----- DATASET EXCERPT

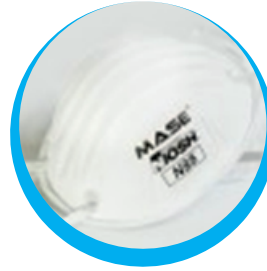
MASCARILLA N95 SIN VÁLVULA MASE CAJA X 20 UNIDADES
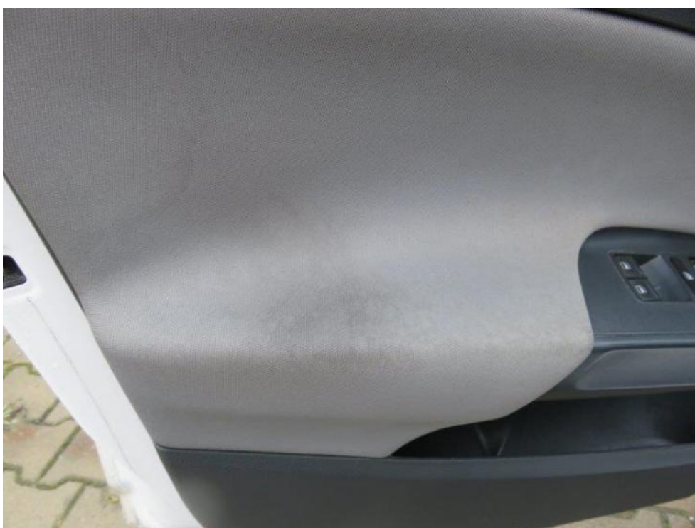
Fot. 32. drzwi PL
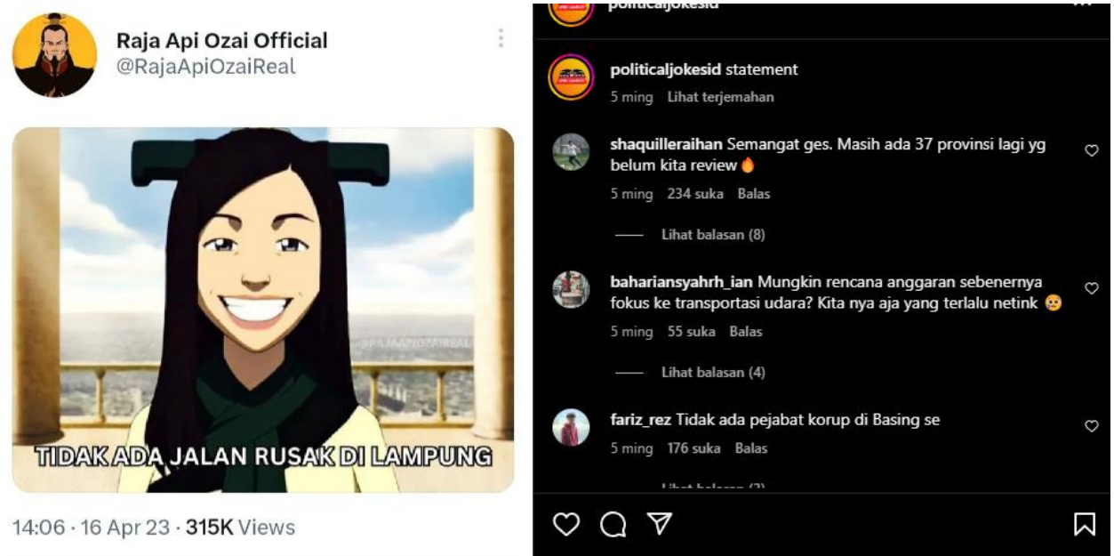
Gambar 7. TIDAK ADA JALANAN RUSAK DI LAMPUNG
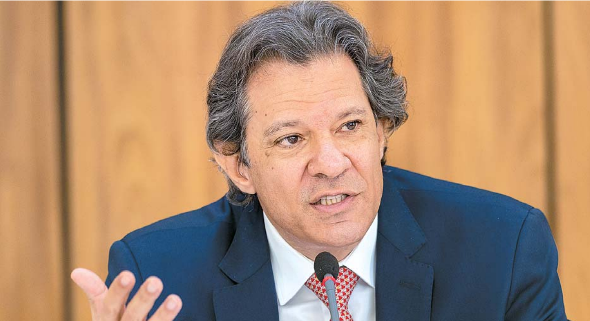
Na ocasião, o ministro conversou sobre as matérias que tramitarão no Congresso neste ano

----------

= WORK ORDER =
Pictures are not part of the copy. Please reproduce the material word for word.

= RESULT OF THE EXERCISE =
MASCARILLA N95 SIN VÁLVULA MASE CAJA X 20 UNIDADES
Fot. 32. drzwi PL
Gambar 7. TIDAK ADA JALANAN RUSAK DI LAMPUNG
Na ocasião, o ministro conversou sobre as matérias que tramitarão no Congresso neste ano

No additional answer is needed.